- Pirate's Well Location within Bahamas
- Coordinates: 22°25′58″N 73°06′03″W﻿ / ﻿22.43278°N 73.10083°W
- Country: Bahamas
- Island: Mayaguana
- District: Mayaguana

Population (2012)
- • Total: 235
- Time zone: UTC-5 (Eastern Time Zone)
- Area code: 242

= Pirates Well =

Pirate's Well is a settlement on the northern side of Mayaguana (the easternmost island of The Bahamas). It has a population of approximately 235 (2012 estimates). Pirate's Well is home to a well, clearly marked by a sign and circled by stones and mortar, that was dug by buccaneers in the 16th century, hence the name. The Baycaner Beach Resort is located in Pirate's Well.

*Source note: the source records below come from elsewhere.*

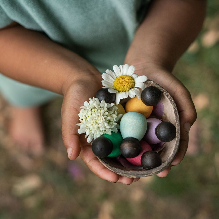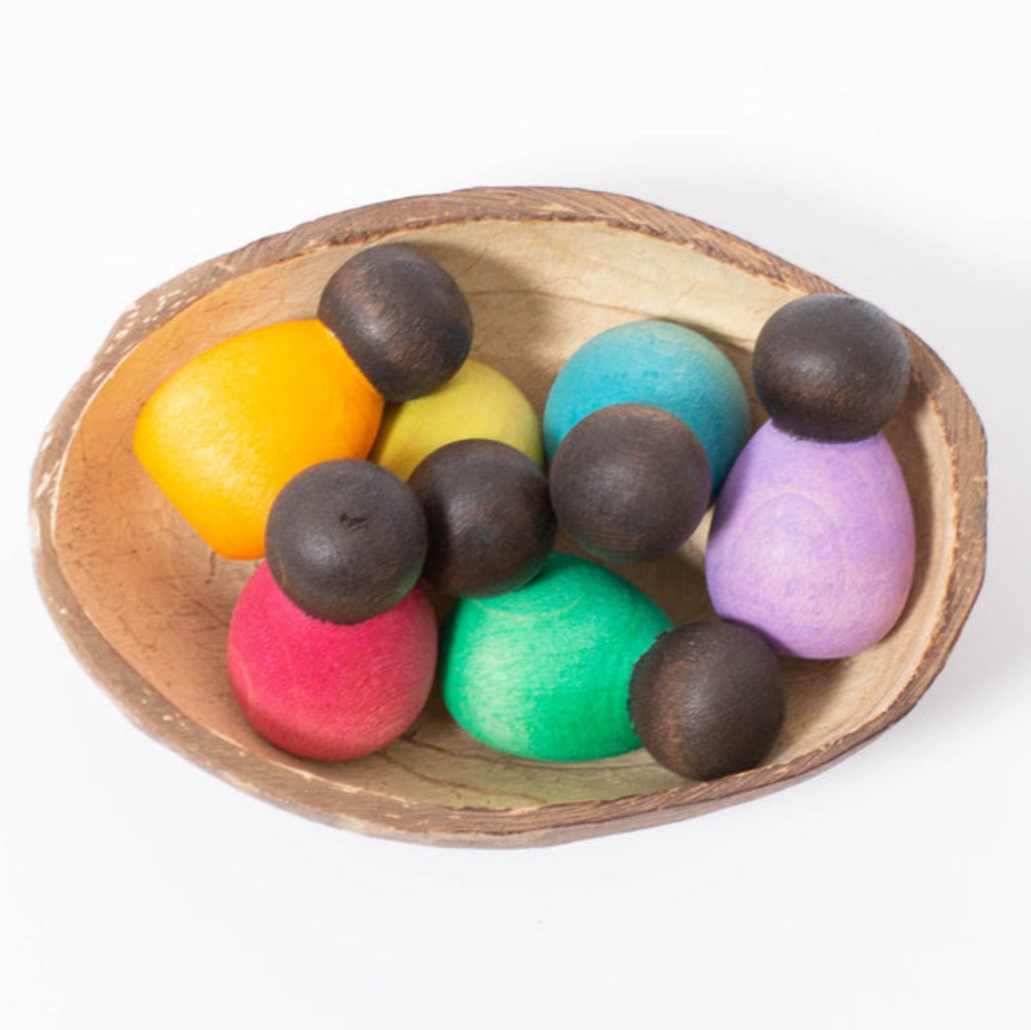 A perfect set of miniature Nins in a beautiful array of colours which, can be combined with classic Nins as part of family story-telling or played with on their own. However you choose to play with them, this is a must have set for your loose parts play.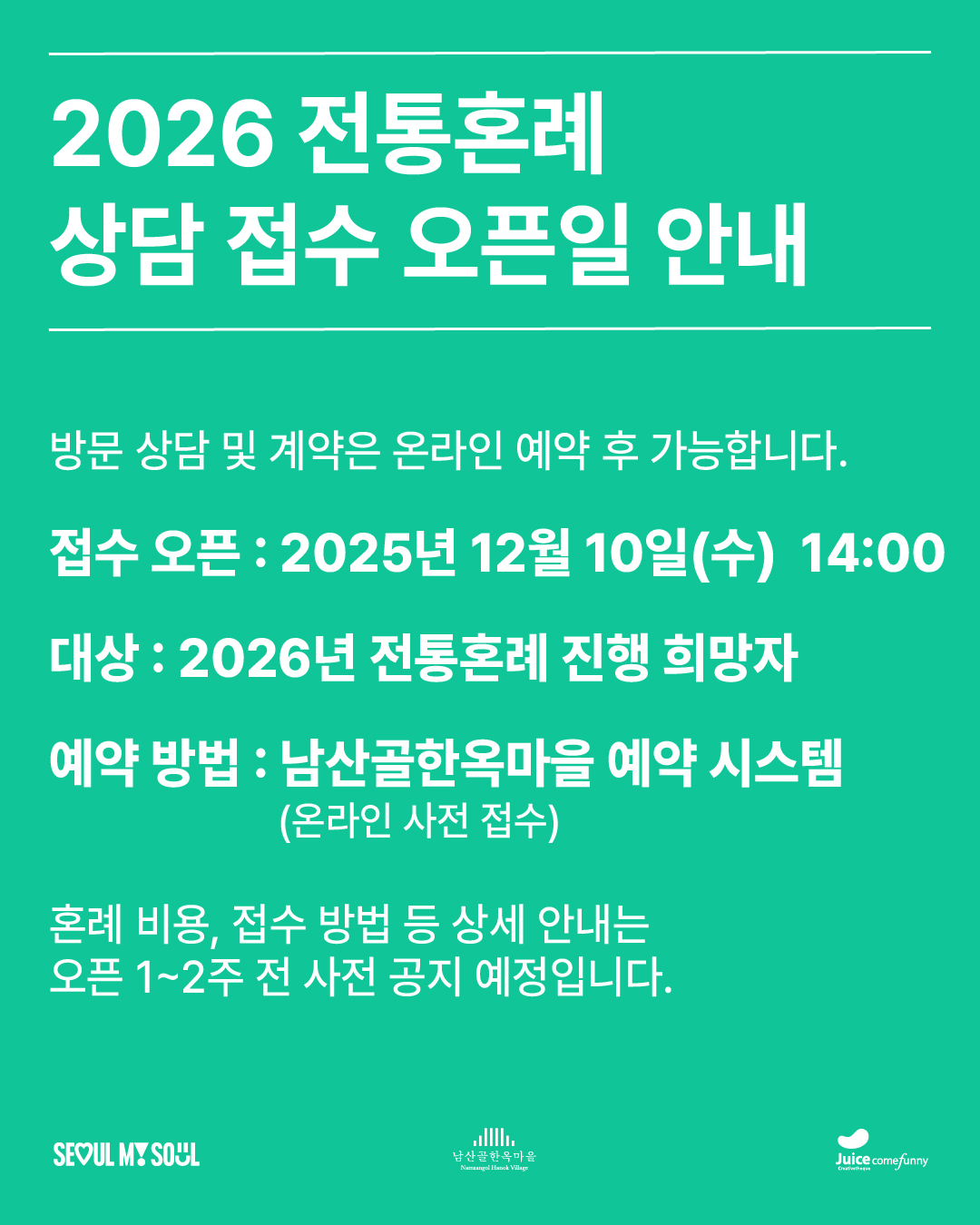 혼례 비용, 접수 방법 등 상세 안내는 오픈 1~2주 전 사전 공지 예정입니다.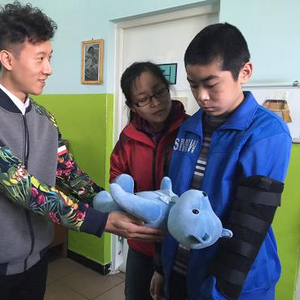 新浪娱乐讯 昨天下午,青年舞蹈家朱晗和演员王碧儿小姐来到位于北京双桥的北京星星雨教育研究所,看望在这里上学并接受康复治疗、干预的自闭症儿童,有2-12岁的小班和12-18岁的大班,这些孩子都是生活中在自己的世界里,与其他同龄的孩子有很大不同,但是在星星雨学校,他们得到了来自社会各界更多的关爱和帮助。朱晗和王碧儿还带来了纯植物染色的小熊送给每一个小朋友,跟他们交流,去感受他们所在的那个世界。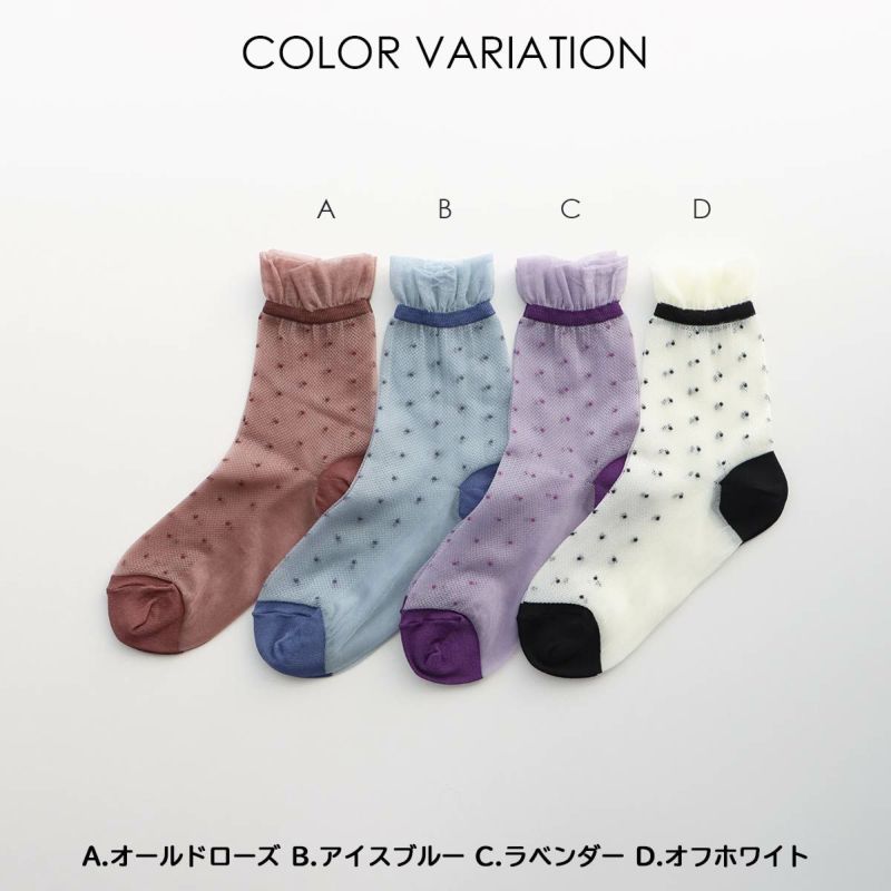 レトロなドット柄に履き口のフリルが可愛いデザインの靴下です。

It is 500 km southeast of the capital Nassau. Pirate's Well is 5 meters above sea level. Average annual temperature in the village is 25 °C . The warmest month is August, when the average temperature is 28 °C, and the coldest is January, with 23 °C. The average annual rainfall is 1,026 millimeters. The rainiest month is October, with an average of 244 mm rainfall, and the driest is March, with 9 mm rainfall.

During Hurricane Irma the sea wall was damaged and several power lines were down in Pirate's Well but there was no serious damage to houses.